**EXERCISE OBJECTIVE:** Retype, without changes or pictures, only the lines that begin at the one containing "緑米・赤米・コシヒカリの3色で模様がくっきりと浮かび上がっています。" and end at the last line of the records that follow.
----------------
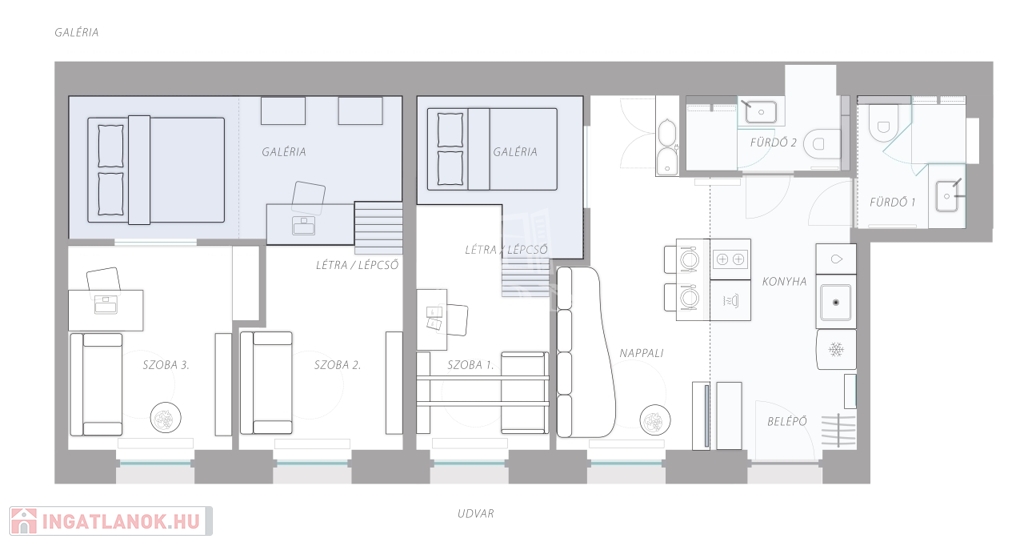 A 2017-ben teljeskörűen, lakberendező közreműködésével felújított, modern, 61 m²-es lakás amerikai konyhás nappalival rendelkezik, mellette három különnyíló, jól használható galériázott hálószoba található (11, 12 és 15 m²), továbbá két fürdőszoba (mindkettő WC-vel, mosdókagylóval és zuhanyzóval felszerelt, az egyikben mosó-szárítógép is van).
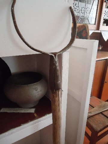 Ухват (вилы, ожег, рогатина бабья, рогач, 1930-х г. Передан в краеведческий музей от жителей д.Бородавкино, семьи Гончаровых. Устройство для передвигания горшков и чугунов в печи, с помощью которого их можно вынуть или установить в печь. | |
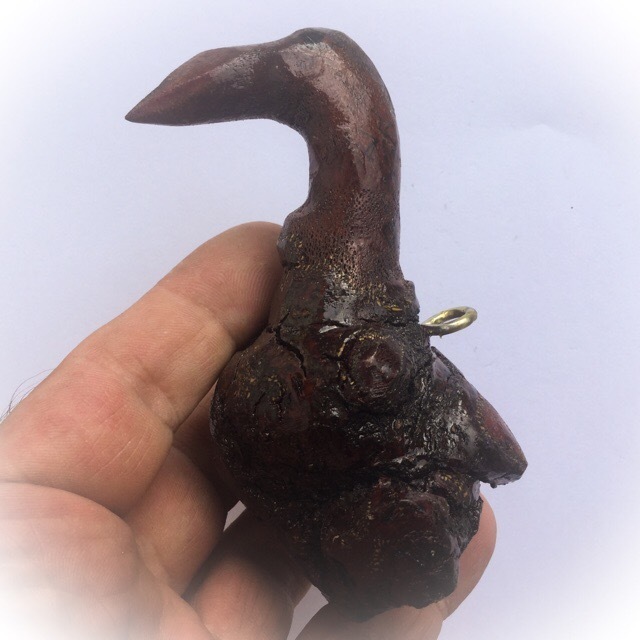 This amulet is useful as a seduction and wealth attraction charm, as well as for increasing popularity, and the power to convince others to give in to your requests, The crows head is raised up emerging from the Mother-Node, where the Ga Fak Parasitic Plant was attached to the Mayom Tree into one symbiosis.
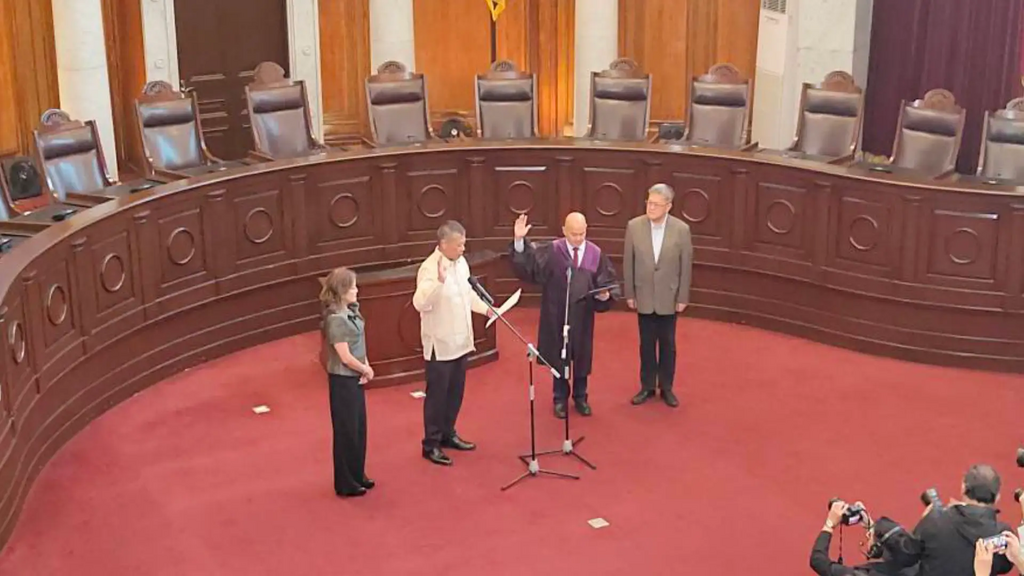 Opisyal nang nakapanumpa bilang bagong Ombudsman Jesus Crispin Remulla sa harap ni Supreme Court Senior Associate Justice Marvic Leonen, ngayong umaga.
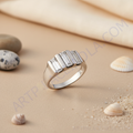 Sterling silver ring with baguette-cut white cubic zirconia stones, a modern and elegant design.
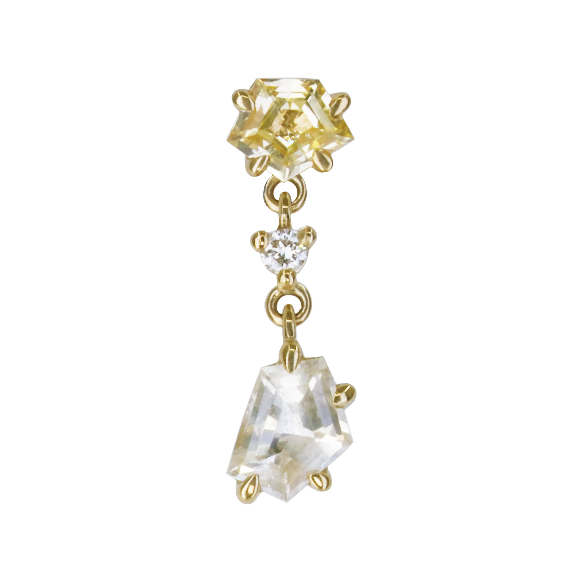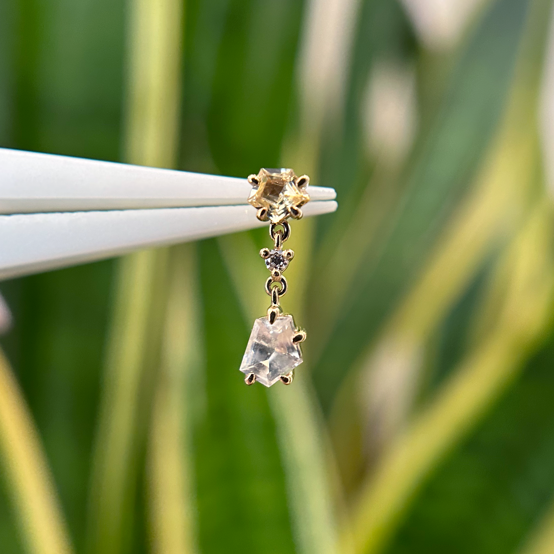 A one of a kind pastel sapphire double-drop threadless end with a diamond connector, from Modern Mood.
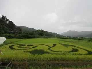 緑米・赤米・コシヒカリの3色で模様がくっきりと浮かび上がっています。
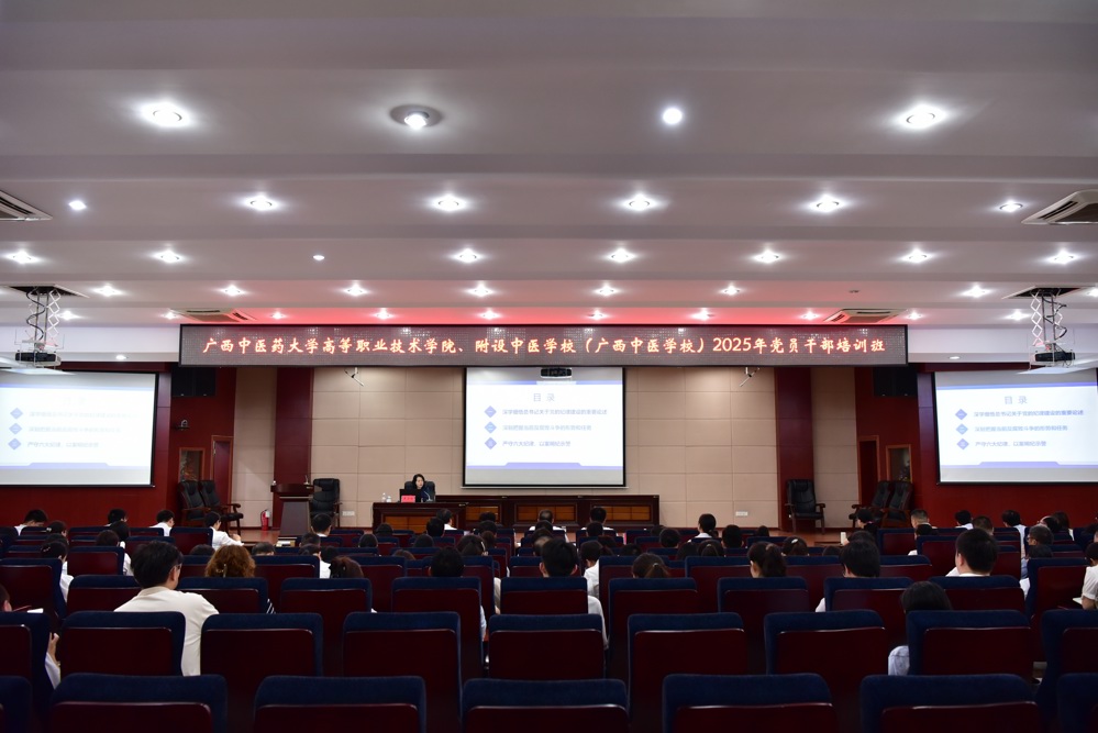 覃宇环为高等职业技术学院、附设中医学校(广西中医学校)2025年党员干部培训班学员授课
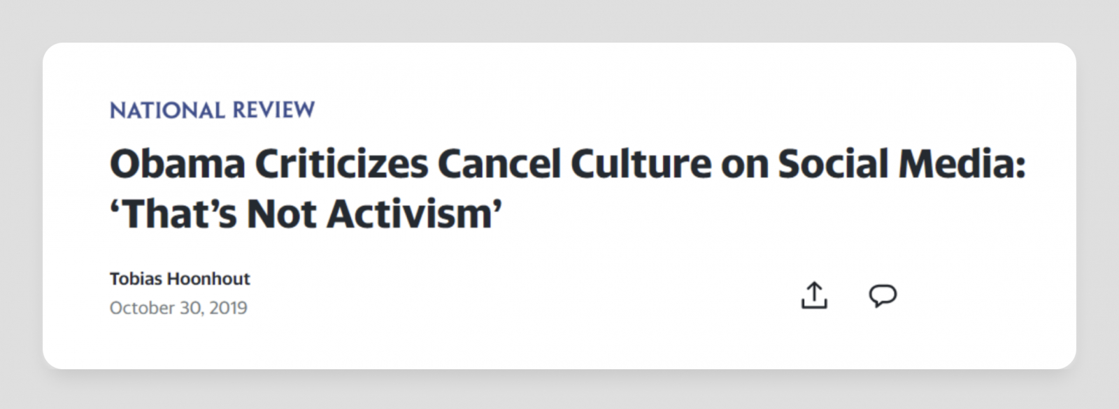 Внимание к тренду начало развиваться в конце 2019 года — во время президентской гонки в США. Феномен культуры отмены стали публично обсуждать политики, и мейнстрим-медиа вслед за ними.
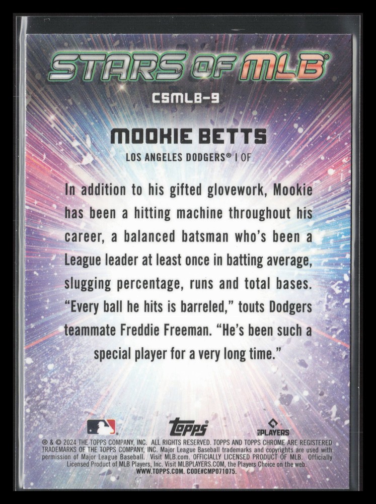 2024 Topps Mookie Betts Cards typically ship each morning around 5 am. I offer the following shipping services: ebay standard envelope: this is put in a semi rigid card holder with a piece of blue painters tape sealing it and in a plain white envelope with tracking. This is typically for cheaper cards ($20 or less). This service may not be available for thicker cards. USPS First Class: this is put in a top loader, then into a team bag with a piece of card board in it as well. Then shipped in a bubble mailer with tracking. This is for individuals that do not like the idea of the plain white envelope or for cards $20-100. USPS Priority Small Flat Rate Box: this is put into a top loader, then into a priority bubble mailer, then lastly into a flat rate priority box with tracking. Ideally for cards priced over $100. Please check my store as I combine shipping.
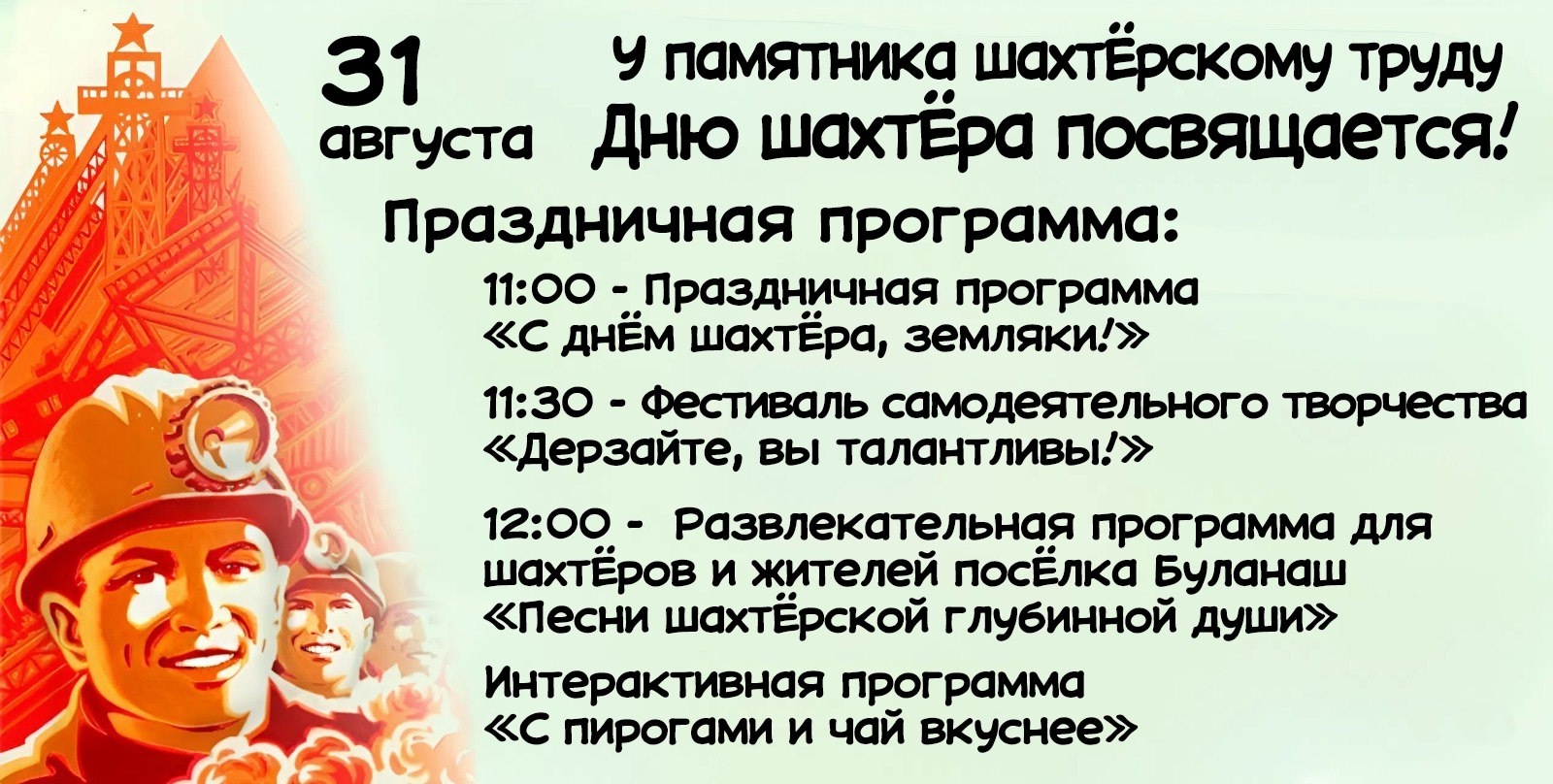 В Буланаше по традиции у Памятника шахтерскому труду 31 августа пройдет митинг, где прозвучат воспоминания о людях, составивших славу поселка, в минуту молчания вспомнят шахтеров, кто погиб при добыче угля, кого уже нет на этом свете.
----------------
**RESPONSE TO THE EXERCISE:**
 緑米・赤米・コシヒカリの3色で模様がくっきりと浮かび上がっています。
 覃宇环为高等职业技术学院、附设中医学校(广西中医学校)2025年党员干部培训班学员授课
 Внимание к тренду начало развиваться в конце 2019 года — во время президентской гонки в США. Феномен культуры отмены стали публично обсуждать политики, и мейнстрим-медиа вслед за ними.
 2024 Topps Mookie Betts Cards typically ship each morning around 5 am. I offer the following shipping services: ebay standard envelope: this is put in a semi rigid card holder with a piece of blue painters tape sealing it and in a plain white envelope with tracking. This is typically for cheaper cards ($20 or less). This service may not be available for thicker cards. USPS First Class: this is put in a top loader, then into a team bag with a piece of card board in it as well. Then shipped in a bubble mailer with tracking. This is for individuals that do not like the idea of the plain white envelope or for cards $20-100. USPS Priority Small Flat Rate Box: this is put into a top loader, then into a priority bubble mailer, then lastly into a flat rate priority box with tracking. Ideally for cards priced over $100. Please check my store as I combine shipping.
 В Буланаше по традиции у Памятника шахтерскому труду 31 августа пройдет митинг, где прозвучат воспоминания о людях, составивших славу поселка, в минуту молчания вспомнят шахтеров, кто погиб при добыче угля, кого уже нет на этом свете.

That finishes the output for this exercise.